Glycosciences network

A large multidisciplinary consortium investigated the complex immune mechanisms involving dendritic cell-specific receptors (DC-SIGN)–mediated pathogen recognition. The generated systems mimicked pathogen carbohydrates, resembled the structure of natural viruses and, interestingly, demonstrated antiviral activity.
Glycosciences network
Immune system responses against pathogens are triggered by immune cell receptors recognising the pathogen’s carbohydrate epitopes. Dissecting the carbohydrate–receptor interactions could enable the design of innovative anti-microbial agents.

Seeking to address this, the training network of the EU-funded CARMUSYS project brought together 12 groups from 7 European countries. The key objective was to provide training for early-stage researchers in the form of PhD fellowships in the field of carbohydrate science. Information about the partners and activities is available on the project website.
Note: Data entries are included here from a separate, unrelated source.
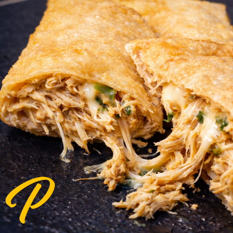 Frango, Queijo, Ctupiry. Frango cozido lentamente e desfiado de forma artesanal, temperado com um refogado de cebola, alho e um toque de colorau para aquela cor e sabor irresistíveis. Um recheio úmido e farto que combina perfeitamente com a nossa massa secreta. Simplesmente delicioso!
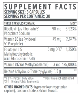 When taken daily, the Biote Methyl Factors+ provides five essential methylation nutrients in their most bioavailable forms: Methylfolate (5-MTHF), active B6, active B2, active methyl B12, and betaine.*
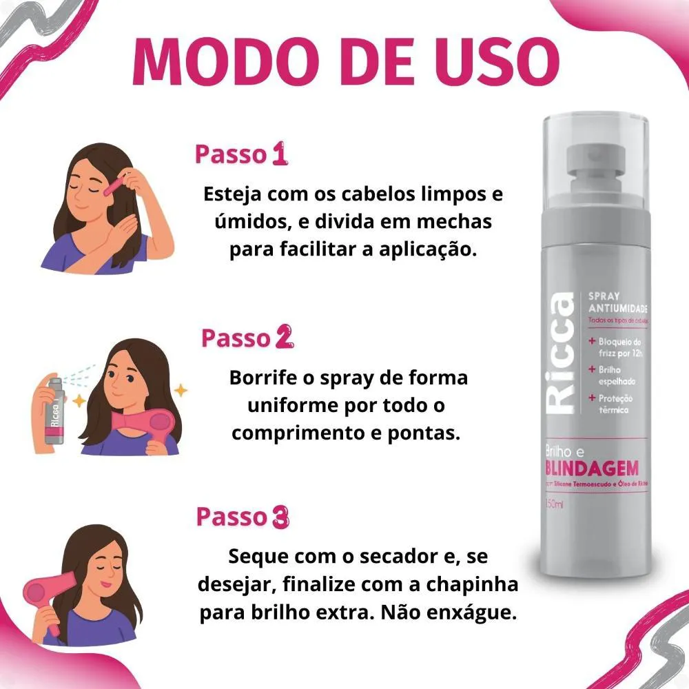 Como usar o Spray Antiumidade Ricca Brilho E Blindagem 150Ml?
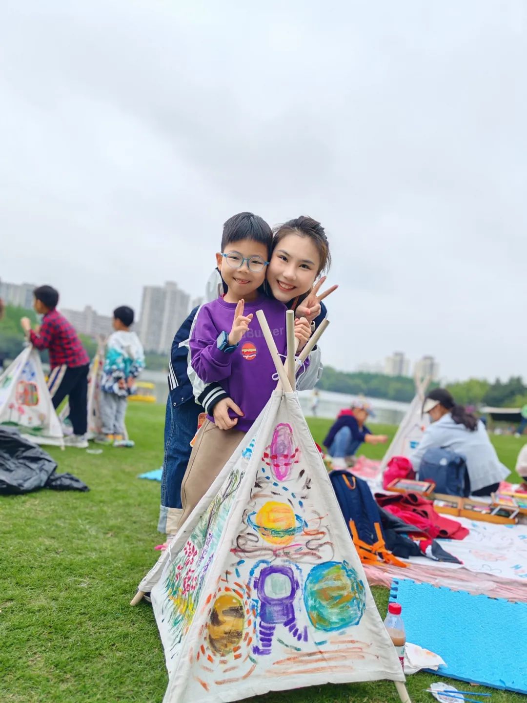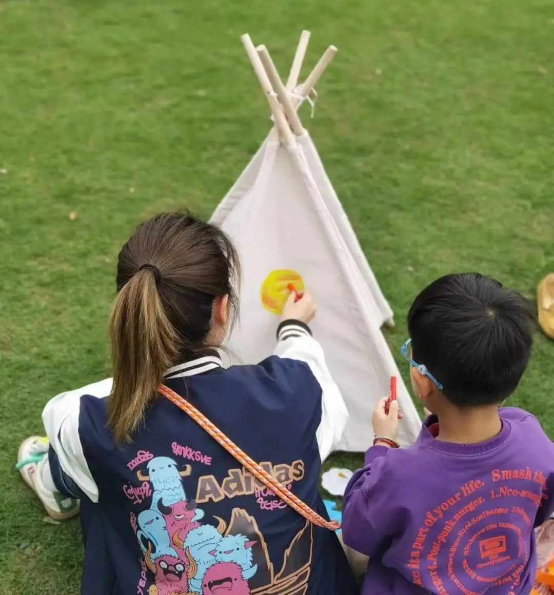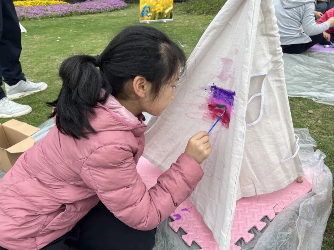 现场,阳光明媚,微风拂面。在社工老师的引导下,亲子家庭有序地分成几个小组,开始了田野踏青之旅。首先,活动进入帐篷涂鸦的环节。孩子们发挥自己的想象力和创造力,用五彩斑斓的画笔在帐篷上绘制出各种可爱的图案和文字。有的画出了蓝天白云,有的画出了花朵蝴蝶,还有的写上了自己的心愿和祝福。每一顶帐篷都变成了孩子们心中的小天地,充满了童真和乐趣。

The scientific activities of the project focused on the design and synthesis of carbohydrate multivalent systems. These would be used as tools to study the interaction between carbohydrates and DC-SIGN involved in pathogen recognition. The long-term goal was to design molecules that could interfere with pathogen attachment and entry into cells.
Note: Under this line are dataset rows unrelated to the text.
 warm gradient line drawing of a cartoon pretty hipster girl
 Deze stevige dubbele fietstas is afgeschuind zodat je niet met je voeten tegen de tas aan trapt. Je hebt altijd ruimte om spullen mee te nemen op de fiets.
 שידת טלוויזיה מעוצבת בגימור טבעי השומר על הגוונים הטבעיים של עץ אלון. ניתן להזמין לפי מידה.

DC-SIGN putative ligands were analysed in silico, synthesised and then presented on multivalent scaffolds prior to being biologically evaluated. The generated glycomimetic ligands were assessed for their ability to block pathogen infection.
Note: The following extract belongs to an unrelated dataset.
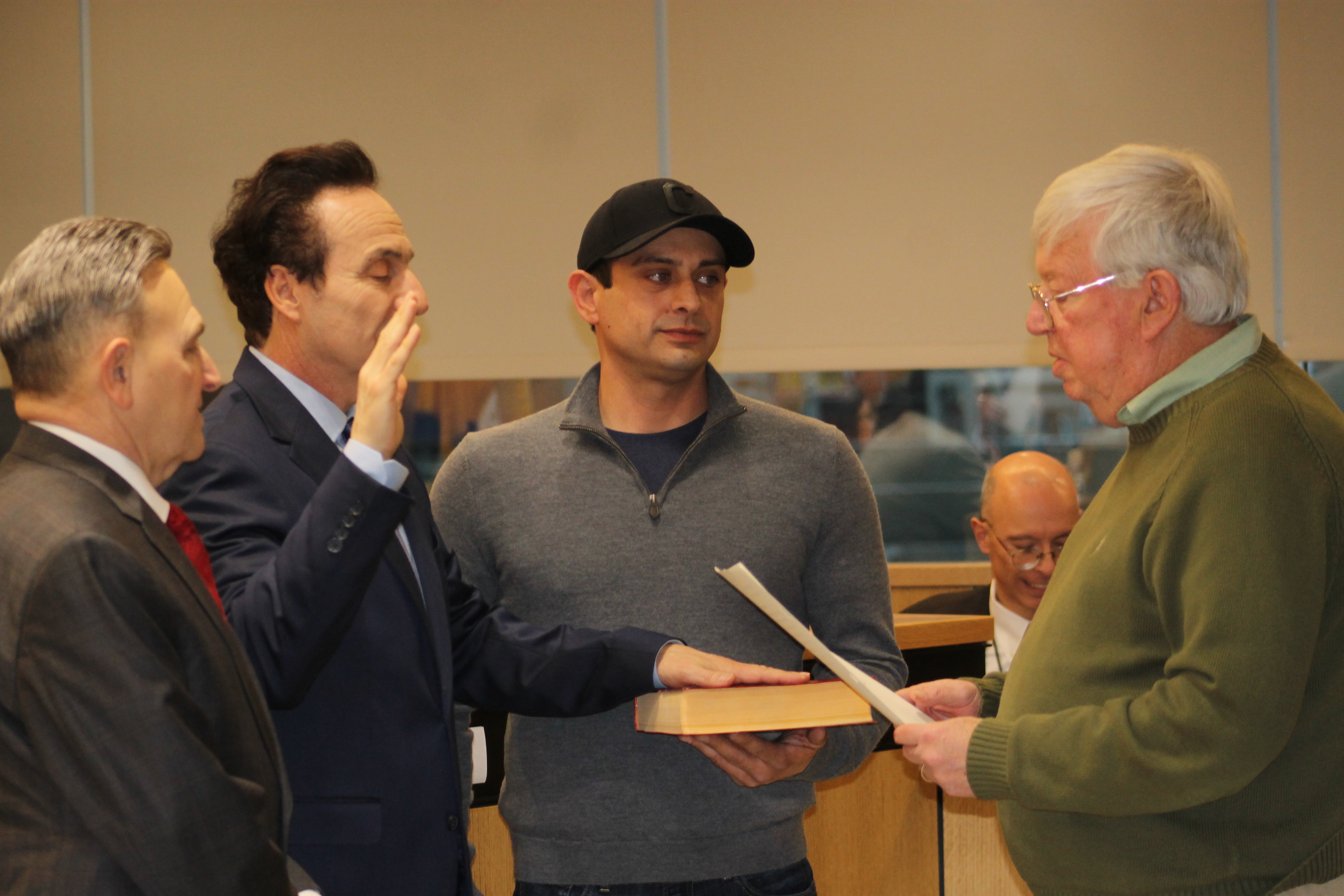 Romano, who will repeat at Pro Tempe or third in rank behind chairman Vainieri and vice chair, Bill O’Dea, insisted on having DeGise swear him in as well – even though County Clerk Junior Maldonado offered to conduct the ceremony.
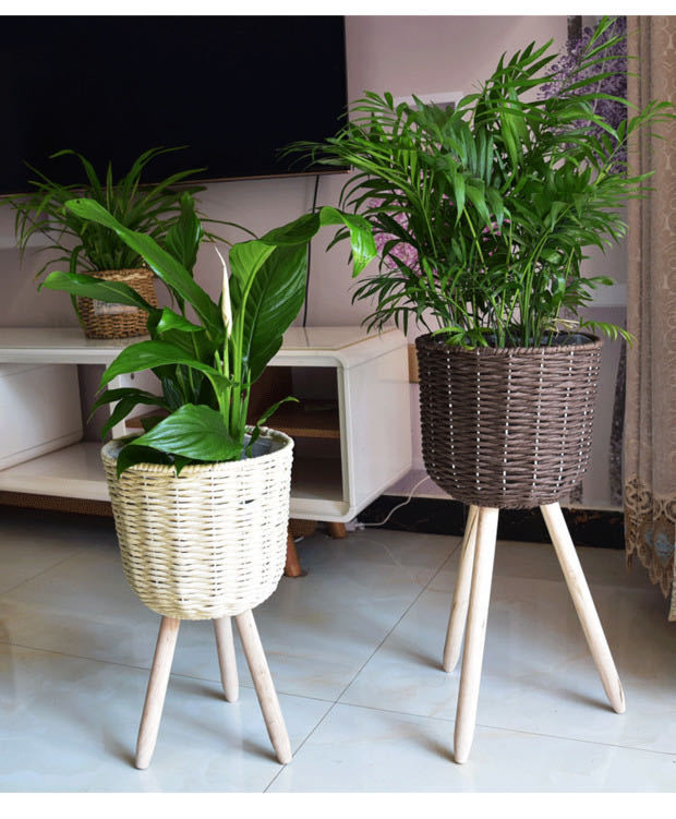 Rattan Woven Wood Simple Woven Flower Floor Basket Set Living Room

The selectivity of the CARMUSYS approach was demonstrated for the DC-SIGN versus langerin molecules, that both mediate HIV entry. Furthermore, nanoparticles displaying thousands of glycan ligands on their surface blocked infection from the Ebola virus even at extremely low concentrations.

Taken together, the findings of the CARMUSYS network validated the anti-microbial approach through modulation of DC-SIGN activity. The advantage of the current approach is that the size and multivalency of the nanoparticles can be designed to resemble natural viruses.

In vitro testing has demonstrated that these carbohydrate ligand systems interfere with pathogen pattern-recognition receptors and compete with pathogens during their entry into target cells. Positive in vivo testing and clinical trial results will have major implications for biomedicine with increasing applications and research in carbohydrate sciences.